▶ **Extracted records**
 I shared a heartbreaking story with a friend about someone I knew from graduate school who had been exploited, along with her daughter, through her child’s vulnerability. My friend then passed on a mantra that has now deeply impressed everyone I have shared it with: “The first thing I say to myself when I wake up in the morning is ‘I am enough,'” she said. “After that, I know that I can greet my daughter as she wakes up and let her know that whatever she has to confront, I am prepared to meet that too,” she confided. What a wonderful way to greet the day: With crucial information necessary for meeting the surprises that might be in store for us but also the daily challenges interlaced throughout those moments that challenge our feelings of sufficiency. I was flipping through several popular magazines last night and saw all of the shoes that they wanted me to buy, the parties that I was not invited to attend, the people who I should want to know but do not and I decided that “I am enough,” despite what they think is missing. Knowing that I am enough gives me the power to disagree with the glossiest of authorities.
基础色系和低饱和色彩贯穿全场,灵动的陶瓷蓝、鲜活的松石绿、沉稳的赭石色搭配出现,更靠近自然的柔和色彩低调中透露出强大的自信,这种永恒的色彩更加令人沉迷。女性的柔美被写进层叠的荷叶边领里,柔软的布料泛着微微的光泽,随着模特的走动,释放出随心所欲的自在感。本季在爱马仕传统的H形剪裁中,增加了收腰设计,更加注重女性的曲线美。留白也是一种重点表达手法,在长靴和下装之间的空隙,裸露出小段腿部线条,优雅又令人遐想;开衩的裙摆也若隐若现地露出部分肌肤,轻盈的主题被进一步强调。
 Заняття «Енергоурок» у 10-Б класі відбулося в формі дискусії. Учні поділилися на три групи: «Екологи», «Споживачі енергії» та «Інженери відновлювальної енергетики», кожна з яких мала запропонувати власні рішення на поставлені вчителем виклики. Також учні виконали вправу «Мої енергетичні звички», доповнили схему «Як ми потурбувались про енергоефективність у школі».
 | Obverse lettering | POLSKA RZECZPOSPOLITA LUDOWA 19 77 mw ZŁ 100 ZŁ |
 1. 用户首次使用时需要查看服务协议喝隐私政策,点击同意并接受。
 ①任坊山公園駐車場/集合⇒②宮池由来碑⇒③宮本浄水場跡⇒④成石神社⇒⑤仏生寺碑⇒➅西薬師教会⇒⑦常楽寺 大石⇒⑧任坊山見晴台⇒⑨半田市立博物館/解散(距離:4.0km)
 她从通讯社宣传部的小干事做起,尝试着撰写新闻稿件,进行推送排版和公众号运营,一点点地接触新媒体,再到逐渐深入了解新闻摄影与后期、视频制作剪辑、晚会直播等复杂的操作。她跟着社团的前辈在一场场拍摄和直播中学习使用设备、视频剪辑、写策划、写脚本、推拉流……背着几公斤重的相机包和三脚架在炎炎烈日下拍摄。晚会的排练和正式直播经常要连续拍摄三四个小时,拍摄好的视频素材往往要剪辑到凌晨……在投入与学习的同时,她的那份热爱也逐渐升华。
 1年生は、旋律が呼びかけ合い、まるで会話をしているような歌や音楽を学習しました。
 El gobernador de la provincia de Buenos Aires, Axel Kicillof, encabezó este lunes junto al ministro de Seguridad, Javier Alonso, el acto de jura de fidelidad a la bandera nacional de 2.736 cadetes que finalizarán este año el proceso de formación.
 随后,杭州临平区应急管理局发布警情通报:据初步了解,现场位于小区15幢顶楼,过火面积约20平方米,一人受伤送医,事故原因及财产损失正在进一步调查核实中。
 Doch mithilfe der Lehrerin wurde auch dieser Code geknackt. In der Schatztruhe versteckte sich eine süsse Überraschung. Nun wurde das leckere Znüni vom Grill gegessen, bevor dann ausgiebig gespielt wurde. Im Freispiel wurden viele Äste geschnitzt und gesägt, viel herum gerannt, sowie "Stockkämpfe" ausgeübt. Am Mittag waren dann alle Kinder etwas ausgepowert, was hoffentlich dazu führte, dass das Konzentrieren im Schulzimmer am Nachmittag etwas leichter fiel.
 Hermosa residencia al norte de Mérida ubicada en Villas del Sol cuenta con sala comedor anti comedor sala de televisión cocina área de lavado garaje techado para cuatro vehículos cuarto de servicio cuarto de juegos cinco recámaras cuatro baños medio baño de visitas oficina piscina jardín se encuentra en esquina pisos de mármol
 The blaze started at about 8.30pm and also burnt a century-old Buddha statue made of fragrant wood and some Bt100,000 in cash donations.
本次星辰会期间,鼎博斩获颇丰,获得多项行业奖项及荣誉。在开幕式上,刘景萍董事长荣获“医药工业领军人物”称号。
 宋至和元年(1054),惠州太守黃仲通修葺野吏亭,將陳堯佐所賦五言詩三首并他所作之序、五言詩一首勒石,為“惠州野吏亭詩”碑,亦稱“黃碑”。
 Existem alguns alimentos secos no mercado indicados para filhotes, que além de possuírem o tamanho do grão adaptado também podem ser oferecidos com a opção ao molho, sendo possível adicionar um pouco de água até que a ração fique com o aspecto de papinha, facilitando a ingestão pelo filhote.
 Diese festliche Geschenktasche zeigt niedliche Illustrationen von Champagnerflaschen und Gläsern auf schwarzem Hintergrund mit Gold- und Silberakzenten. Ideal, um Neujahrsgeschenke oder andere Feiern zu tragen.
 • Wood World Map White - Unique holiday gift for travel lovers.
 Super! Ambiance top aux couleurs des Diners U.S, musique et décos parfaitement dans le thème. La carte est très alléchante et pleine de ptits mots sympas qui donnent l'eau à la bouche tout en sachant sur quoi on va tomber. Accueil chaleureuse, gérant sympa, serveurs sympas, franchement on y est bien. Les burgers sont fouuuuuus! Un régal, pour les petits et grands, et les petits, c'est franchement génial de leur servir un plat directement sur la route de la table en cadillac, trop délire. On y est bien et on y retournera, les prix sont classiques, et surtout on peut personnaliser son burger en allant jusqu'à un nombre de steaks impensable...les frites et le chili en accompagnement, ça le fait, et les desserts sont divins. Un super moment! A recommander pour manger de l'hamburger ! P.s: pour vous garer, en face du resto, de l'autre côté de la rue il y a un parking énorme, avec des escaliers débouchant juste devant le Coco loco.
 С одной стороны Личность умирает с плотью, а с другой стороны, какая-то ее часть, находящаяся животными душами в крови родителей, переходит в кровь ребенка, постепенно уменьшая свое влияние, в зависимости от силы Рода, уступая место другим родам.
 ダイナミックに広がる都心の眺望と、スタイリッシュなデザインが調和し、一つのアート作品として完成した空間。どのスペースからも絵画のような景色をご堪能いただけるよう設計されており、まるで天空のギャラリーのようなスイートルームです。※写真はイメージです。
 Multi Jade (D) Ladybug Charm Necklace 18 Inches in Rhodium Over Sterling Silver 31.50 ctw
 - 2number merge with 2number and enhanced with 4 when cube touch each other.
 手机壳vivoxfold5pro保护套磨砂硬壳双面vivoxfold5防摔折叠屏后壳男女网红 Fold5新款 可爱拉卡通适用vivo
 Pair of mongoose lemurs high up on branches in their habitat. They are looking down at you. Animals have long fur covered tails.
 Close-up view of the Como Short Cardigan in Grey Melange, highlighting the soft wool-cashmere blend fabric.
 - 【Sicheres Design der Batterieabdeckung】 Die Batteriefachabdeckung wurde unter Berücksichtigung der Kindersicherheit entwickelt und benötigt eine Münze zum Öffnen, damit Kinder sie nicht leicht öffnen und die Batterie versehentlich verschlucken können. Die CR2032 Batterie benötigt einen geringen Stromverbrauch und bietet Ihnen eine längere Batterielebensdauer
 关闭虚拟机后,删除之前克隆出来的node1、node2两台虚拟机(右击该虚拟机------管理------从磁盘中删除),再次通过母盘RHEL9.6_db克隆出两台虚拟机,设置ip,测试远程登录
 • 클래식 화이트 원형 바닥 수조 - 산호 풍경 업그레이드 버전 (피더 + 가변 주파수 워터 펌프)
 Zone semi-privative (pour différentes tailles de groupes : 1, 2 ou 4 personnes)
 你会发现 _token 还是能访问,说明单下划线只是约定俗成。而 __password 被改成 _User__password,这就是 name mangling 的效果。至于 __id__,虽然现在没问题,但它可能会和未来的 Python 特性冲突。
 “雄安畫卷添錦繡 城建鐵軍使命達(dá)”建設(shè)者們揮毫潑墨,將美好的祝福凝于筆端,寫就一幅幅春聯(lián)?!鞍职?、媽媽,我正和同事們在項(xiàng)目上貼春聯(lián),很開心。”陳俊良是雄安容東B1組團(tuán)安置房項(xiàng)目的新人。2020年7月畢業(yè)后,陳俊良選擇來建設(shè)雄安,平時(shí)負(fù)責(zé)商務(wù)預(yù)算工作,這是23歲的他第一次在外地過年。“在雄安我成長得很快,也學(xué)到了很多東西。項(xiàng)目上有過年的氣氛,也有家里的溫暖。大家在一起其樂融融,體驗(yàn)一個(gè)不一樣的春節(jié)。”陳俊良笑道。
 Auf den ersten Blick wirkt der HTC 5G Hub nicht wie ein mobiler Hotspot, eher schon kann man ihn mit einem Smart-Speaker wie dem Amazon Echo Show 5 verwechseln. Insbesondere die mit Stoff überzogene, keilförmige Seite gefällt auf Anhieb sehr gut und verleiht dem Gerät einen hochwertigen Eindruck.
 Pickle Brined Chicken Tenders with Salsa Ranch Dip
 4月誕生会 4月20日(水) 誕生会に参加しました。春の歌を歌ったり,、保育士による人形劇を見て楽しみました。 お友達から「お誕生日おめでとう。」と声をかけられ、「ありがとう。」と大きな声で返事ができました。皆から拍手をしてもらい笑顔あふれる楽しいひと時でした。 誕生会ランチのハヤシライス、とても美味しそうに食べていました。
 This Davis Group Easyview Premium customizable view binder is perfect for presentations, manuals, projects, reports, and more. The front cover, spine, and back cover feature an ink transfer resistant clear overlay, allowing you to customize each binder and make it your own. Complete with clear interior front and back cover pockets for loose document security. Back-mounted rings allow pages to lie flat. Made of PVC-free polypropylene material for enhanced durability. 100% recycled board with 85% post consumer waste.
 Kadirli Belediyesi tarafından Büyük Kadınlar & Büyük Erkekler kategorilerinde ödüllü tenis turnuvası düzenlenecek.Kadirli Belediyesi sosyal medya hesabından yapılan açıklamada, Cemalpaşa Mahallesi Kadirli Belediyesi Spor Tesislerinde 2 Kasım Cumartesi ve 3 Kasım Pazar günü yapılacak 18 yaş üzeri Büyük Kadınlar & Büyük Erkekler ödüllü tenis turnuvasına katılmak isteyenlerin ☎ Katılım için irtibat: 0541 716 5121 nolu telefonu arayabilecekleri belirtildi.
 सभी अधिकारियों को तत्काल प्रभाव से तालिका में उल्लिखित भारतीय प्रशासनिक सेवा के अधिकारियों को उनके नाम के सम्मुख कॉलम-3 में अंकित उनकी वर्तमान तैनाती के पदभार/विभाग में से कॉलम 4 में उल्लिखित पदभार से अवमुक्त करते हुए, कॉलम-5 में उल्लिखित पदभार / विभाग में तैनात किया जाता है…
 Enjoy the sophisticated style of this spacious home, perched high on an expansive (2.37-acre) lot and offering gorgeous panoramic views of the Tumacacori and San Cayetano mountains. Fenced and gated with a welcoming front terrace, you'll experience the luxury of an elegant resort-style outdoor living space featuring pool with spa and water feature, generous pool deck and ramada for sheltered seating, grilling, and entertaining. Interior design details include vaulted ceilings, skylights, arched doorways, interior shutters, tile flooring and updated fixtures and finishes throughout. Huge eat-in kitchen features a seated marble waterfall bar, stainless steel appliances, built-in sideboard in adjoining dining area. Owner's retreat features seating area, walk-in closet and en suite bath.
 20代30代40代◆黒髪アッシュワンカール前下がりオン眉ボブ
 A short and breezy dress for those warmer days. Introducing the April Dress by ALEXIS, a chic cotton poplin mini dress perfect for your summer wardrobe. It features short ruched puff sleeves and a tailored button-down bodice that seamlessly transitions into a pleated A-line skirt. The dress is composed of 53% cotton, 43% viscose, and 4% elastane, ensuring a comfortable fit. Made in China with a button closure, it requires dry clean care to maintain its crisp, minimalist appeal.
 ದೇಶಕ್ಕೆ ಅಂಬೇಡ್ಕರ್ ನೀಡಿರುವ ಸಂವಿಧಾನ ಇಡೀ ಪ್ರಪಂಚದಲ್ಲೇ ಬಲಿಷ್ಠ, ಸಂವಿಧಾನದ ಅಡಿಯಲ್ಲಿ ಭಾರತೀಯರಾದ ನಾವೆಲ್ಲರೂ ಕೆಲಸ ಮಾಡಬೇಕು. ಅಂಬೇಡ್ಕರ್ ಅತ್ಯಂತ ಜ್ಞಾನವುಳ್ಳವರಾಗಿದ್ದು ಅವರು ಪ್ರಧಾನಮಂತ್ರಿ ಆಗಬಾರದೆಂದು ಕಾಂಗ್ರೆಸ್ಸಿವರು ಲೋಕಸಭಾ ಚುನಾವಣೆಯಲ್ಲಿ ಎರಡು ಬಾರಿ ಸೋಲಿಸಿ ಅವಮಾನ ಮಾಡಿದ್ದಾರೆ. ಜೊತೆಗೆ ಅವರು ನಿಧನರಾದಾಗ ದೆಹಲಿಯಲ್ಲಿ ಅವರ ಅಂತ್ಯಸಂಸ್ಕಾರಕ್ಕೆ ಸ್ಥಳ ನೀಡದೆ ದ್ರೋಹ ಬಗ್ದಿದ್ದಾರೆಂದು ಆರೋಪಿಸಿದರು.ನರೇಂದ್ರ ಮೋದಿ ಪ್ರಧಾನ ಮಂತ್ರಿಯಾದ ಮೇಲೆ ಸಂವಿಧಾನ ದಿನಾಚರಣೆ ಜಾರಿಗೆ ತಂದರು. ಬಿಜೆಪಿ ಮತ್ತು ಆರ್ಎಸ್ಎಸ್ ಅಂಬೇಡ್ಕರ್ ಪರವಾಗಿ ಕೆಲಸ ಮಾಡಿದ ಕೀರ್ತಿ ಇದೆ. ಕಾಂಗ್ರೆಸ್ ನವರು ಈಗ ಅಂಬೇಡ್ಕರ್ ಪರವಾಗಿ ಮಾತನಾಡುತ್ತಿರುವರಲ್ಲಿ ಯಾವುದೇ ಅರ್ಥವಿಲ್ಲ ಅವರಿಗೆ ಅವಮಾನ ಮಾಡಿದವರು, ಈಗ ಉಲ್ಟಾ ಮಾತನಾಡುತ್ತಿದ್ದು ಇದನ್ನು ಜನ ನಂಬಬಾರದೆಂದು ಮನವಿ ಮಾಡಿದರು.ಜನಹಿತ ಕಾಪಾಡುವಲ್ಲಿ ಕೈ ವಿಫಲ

▶ **Exercise prompt**
The answer is the lines above between the line holding "The blaze started" and the line holding "for travel lovers.", inclusive, each written out exactly, and no others.

▶ **Solution**
 The blaze started at about 8.30pm and also burnt a century-old Buddha statue made of fragrant wood and some Bt100,000 in cash donations.
本次星辰会期间,鼎博斩获颇丰,获得多项行业奖项及荣誉。在开幕式上,刘景萍董事长荣获“医药工业领军人物”称号。
 宋至和元年(1054),惠州太守黃仲通修葺野吏亭,將陳堯佐所賦五言詩三首并他所作之序、五言詩一首勒石,為“惠州野吏亭詩”碑,亦稱“黃碑”。
 Existem alguns alimentos secos no mercado indicados para filhotes, que além de possuírem o tamanho do grão adaptado também podem ser oferecidos com a opção ao molho, sendo possível adicionar um pouco de água até que a ração fique com o aspecto de papinha, facilitando a ingestão pelo filhote.
 Diese festliche Geschenktasche zeigt niedliche Illustrationen von Champagnerflaschen und Gläsern auf schwarzem Hintergrund mit Gold- und Silberakzenten. Ideal, um Neujahrsgeschenke oder andere Feiern zu tragen.
 • Wood World Map White - Unique holiday gift for travel lovers.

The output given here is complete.